Abstract Title : Plg-RKT has an important role in mouse mammary gland development
Abstract : Plasmin is the major enzyme responsible for degrading fibrin within the circulation. Plasmin is formed when the circulating zymogen, plasminogen (Plg), is cleaved by urokinase-type (uPA) and tissue-type Plg activators. In addition to its role in fibrin degradation, when plasminogen is bound to cells its activation is markedly promoted. Cell associated plasmin plays a key role in processes in which cells must degrade an extracellular matrix in order to migrate.
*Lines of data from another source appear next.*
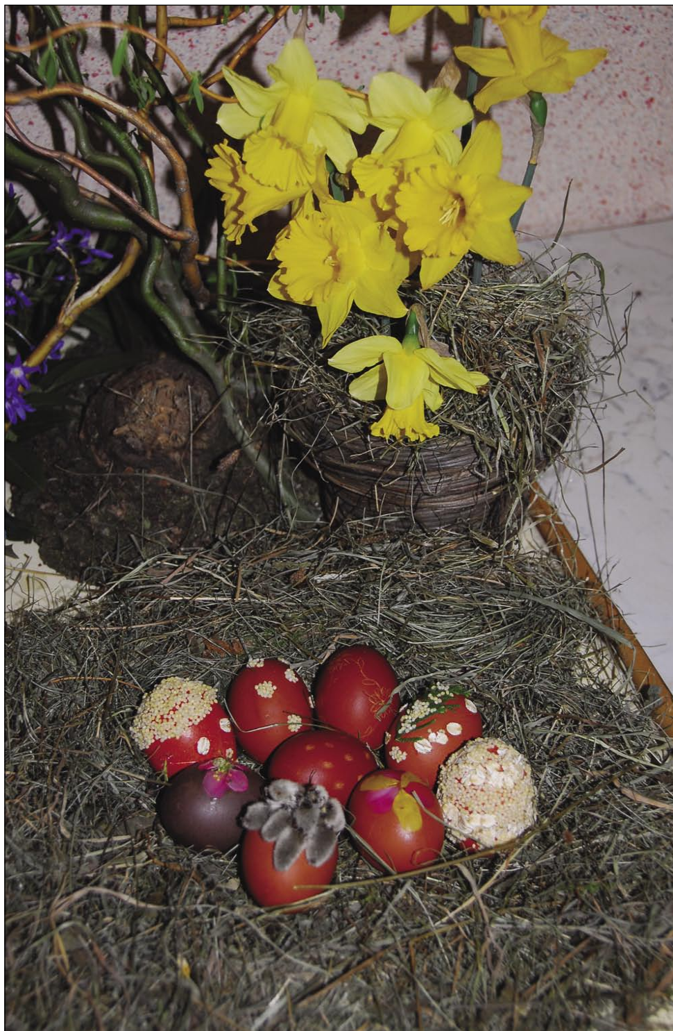
Posnetek je nastal na velikonočni razstavi v Čepincih

Naša rejč za veliko nauč je vüzem (vüzen, vuzem), stera pomeni vzeti. Se pravi, ka po 40-dnevnom posti, na vüzem
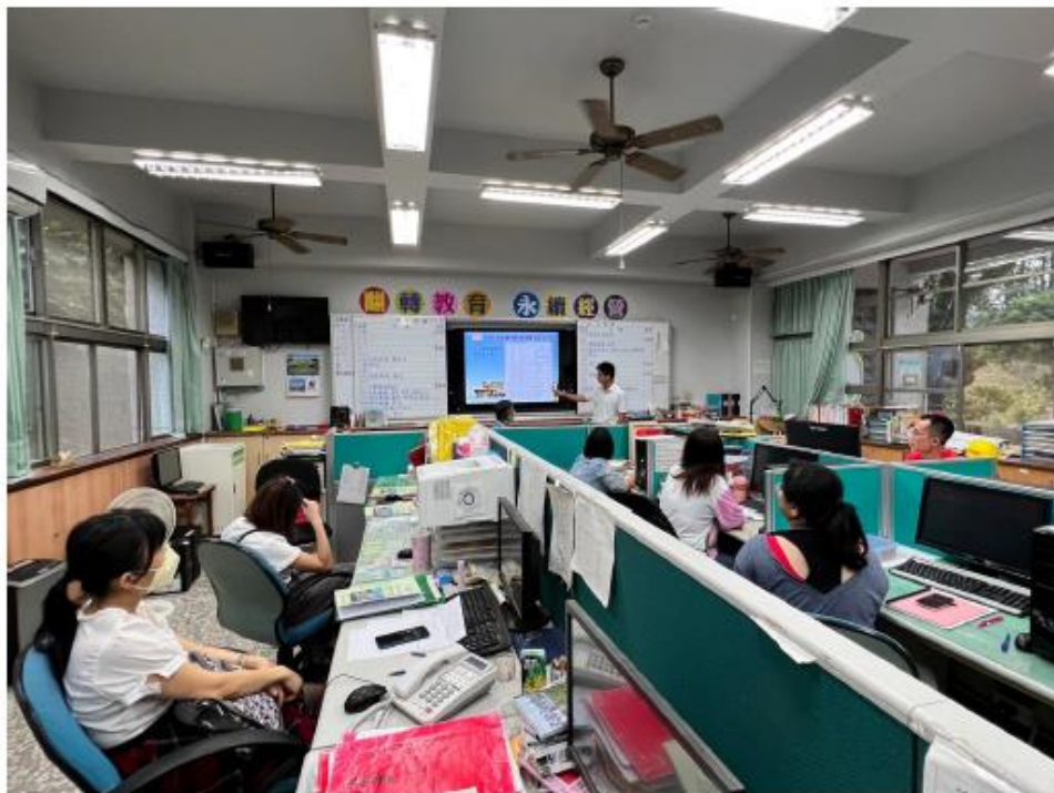
112 學年第學一期家庭教育會議
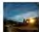
Chalet Hébergement & restauration Col de la Loge

Des plats 'maison' faits à partir de produits locaux, un bar chaleureux, une immense salle de restaurant, des salles de séminaires et 70 couchages, Frédérique & Isabelle SADOT vous accueillent au Chalet du Col de la Loge toute l'année, et ce soir... Réservation au 04.77.24.70.76
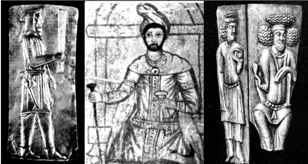
Рис. 12. Маг з барсамом у тїарї з навушниками- "каплями" (золота платївка з Амударїїнського скарбу, Британський музей). Заратустра (фреска з розкопок в м. Дурра-Европос, Ірак). На ритонї зі слонової кїстки з Ольвії зображенї парфяни (тодї вони жили й "навпроти Ольвії" – відразу за Чорним морем, де тепер турки...).

З'ясувалося, що таке ж поширення у топонімії мають більш і менш істотні деталі цього вчення (рис. 10) – однієї з найдавніших "релігій пророків", що виростає з іранської міфології [Бойс]. Тільки тоді, опинившись у силовому полі десятків (а потім і сотень) тематично пов'язаних з ними назв, топоніми Обеста , Опечень починають сприйматися як більш імовірний топонімічний слід давньої обізнаності з зороастризмом там, де ці назви збереглися, а отже й серед наших предків.
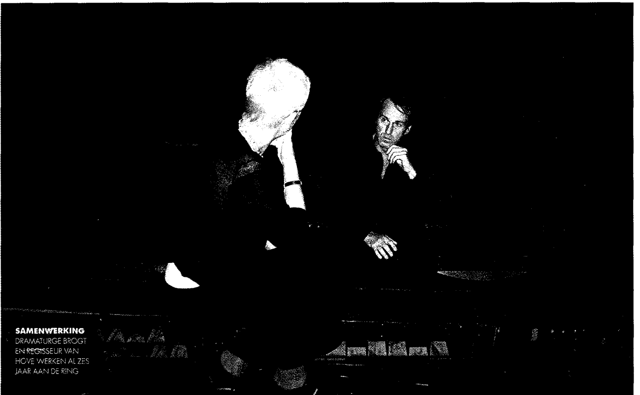
SAMENWERKING DRAMATURGE BROGT EN REGISSEUR VAN HOVE WERKEN AL ZES JAAR AAN DE RING
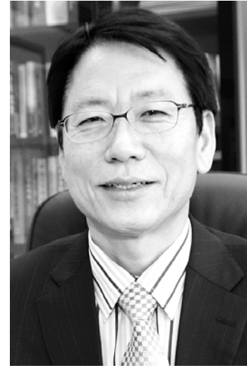
논어촌 상하수도 보급 확대 상하류간 유역 공동체 구축

“환경 보전과 개발의 조화를 통해 건강하고 생명력 있는 쾌적한 광주·전남을 만들도록 최선을 다하겠습니다.” 정회석 영산강유역환경청장은 28일 새해 주요업무 계획과 추진 방향을 설명하며 “국민이 원하는 질 높은 생활환경 개선”을 강조했다. 정회석은 “올해는 새로운 세상에 대한 국민들의 기대와 열원이 어느 때보다 높아진 만큼 해야 할 일도 많아졌다”며 “국민을 위해 봉사하고 국가발전에 헌신한다는 의무감을 가지고 열심히 뛰어올라겠다”고 말했다. 정회석은 우선 “타 지역에 비해 열악한 논어촌 상·하수도 보급률을 높이고 효율적인 토지매수 및 수변구역 관리와 더불어 상류지역 주민을 위한 다양한 지원사업을 추진해 상·하류 모두의 환경복지 향상에 힘쓸 것”이라고 밝혔다. 그는 또 본연의 임무인 영산강·섬진강 수질을 지속적으로 개선하고 보전하는 사업에도 힘써 나갈 것이라고 강조했다. 영산강 수질과 수생태계 복원을 위한 로드맵을 마련하고 먹는 물 수질관리, 유역 측정을 위한 적절
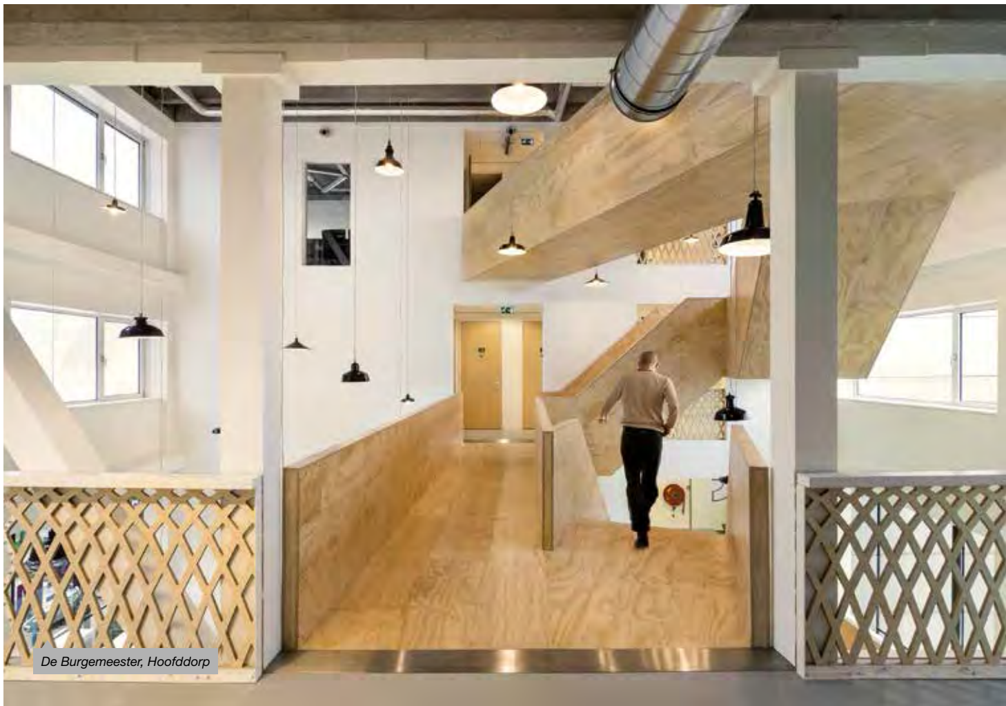
De Burgemeester, Hoofddorp
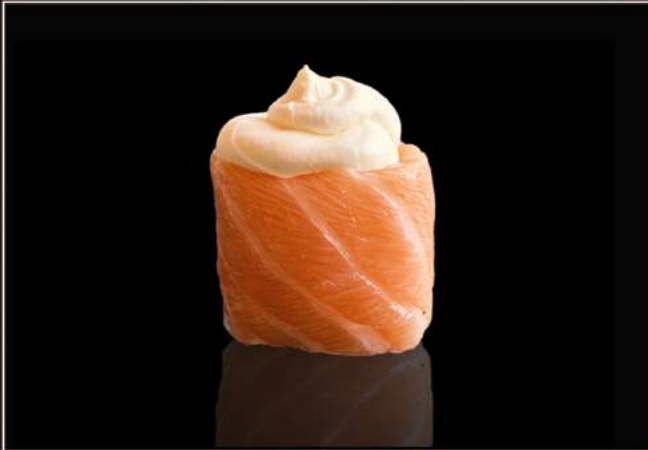
96.Phila gunkan Salmone, tartare philadelphia e katafi

( Possono scegliere max 1 piatti a persona )
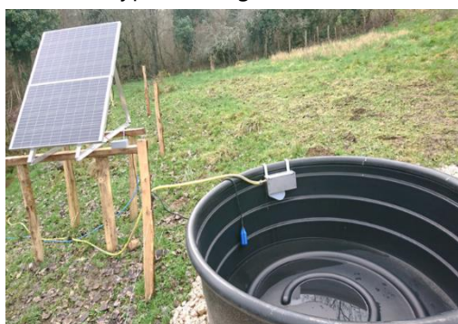
Abreuvoir fixe solaire
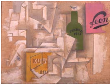
★*1. パブロ・ピカソ 《ポスターのある風景》 1912 年 国立国際美術館蔵 ©2011-Succession Pablo Picasso-SPDA(JAPAN)
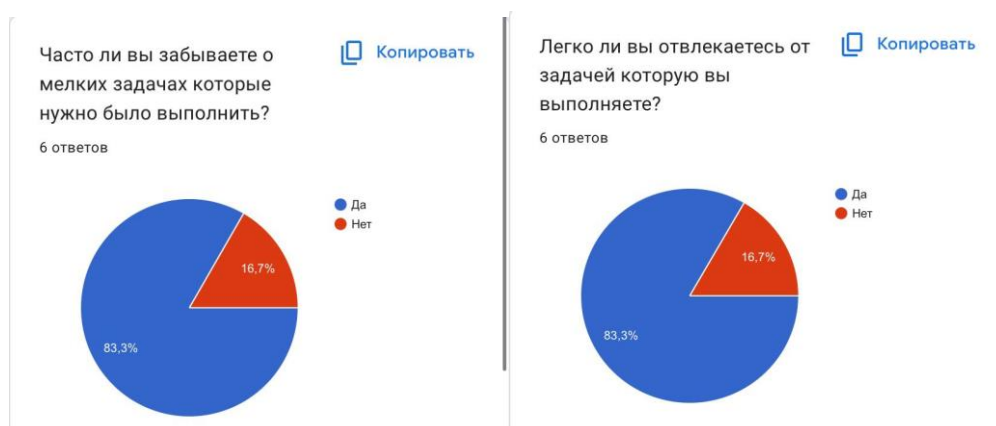
Chart 1 - survey of students speaking more than three languages

We conducted a survey among a small group of students at one of the universities in Astana. The survey revealed the information that a significant percentage of students struggle with concentration during studying and memorizing information. This survey included 6 students who speak more than three languages and 6 students who speak fewer than three languages. The results showed that in the first two diagrams (6 students proficient in less than three languages) 83.3% of students forget about minor tasks that need to be done, while only 16.7% have no issues with minor tasks. The next two diagrams demonstrate that students who speak more than three languages do not get distracted while solving tasks and prove that they have good concentration. Only one out of six students forgets about minor details that needed to be completed.

Plasminogen Receptor KT (Plg-RKT) is a recently discovered transmembrane receptor for Plg that promotes Plg activation to plasmin. Plasmin remains bound to Plg-RKT on cell surfaces where it is protected from inactivation by plasmin inhibitors. Here we explore the role of Plg-RKT in lactation using Plg-RKT knockout mice because breast development in lactation requires degradation of the extracellular matrix when the epithelial component of the mammary glands proliferates into the fat pad, forming hollow alveoli with secretory epithelial cells surrounded by contractible myoepithelial cells and a basement membrane. Here we show, using histological analysis, that mice deficient in Plg-RKT have reduced alveolar diameter and epithelial content when compared to the Plg-RKT Wild-Type (WT). Furthermore, we show that Plg-RKT-KO/fibrinogen heterozygous mice have reduced alveolar diameter and epithelial content when compared to Plg-RKT-WT/fibrinogen heterozygotes. Thus, the inability to proteolytically remodel the extracellular matrix may present a barrier to lobular/alveolar development during pregnancy.